- Dataset extract
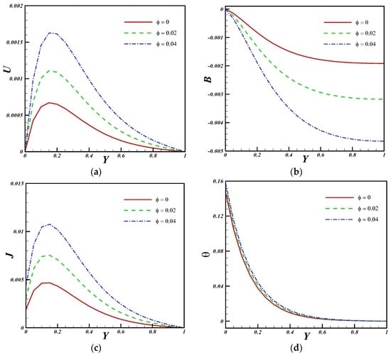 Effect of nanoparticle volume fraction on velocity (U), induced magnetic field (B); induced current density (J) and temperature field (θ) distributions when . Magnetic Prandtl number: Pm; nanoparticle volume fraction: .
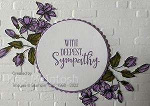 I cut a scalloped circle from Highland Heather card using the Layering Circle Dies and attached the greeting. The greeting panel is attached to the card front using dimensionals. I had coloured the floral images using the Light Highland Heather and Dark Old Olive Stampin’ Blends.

...

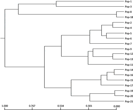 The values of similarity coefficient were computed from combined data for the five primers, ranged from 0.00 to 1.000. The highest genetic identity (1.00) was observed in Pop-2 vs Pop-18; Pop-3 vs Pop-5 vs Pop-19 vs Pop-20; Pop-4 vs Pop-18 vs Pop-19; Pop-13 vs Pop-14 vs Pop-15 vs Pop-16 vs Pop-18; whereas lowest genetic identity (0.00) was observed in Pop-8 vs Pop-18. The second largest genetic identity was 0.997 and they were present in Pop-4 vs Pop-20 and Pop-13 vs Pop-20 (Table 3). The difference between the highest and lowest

- Required action
What you write must match the listing exactly, from the line with "Effect of nanoparticle" up to and including the line with "I cut a scalloped". Pictures stay out.

- Written response
 Effect of nanoparticle volume fraction on velocity (U), induced magnetic field (B); induced current density (J) and temperature field (θ) distributions when . Magnetic Prandtl number: Pm; nanoparticle volume fraction: .
 I cut a scalloped circle from Highland Heather card using the Layering Circle Dies and attached the greeting. The greeting panel is attached to the card front using dimensionals. I had coloured the floral images using the Light Highland Heather and Dark Old Olive Stampin’ Blends.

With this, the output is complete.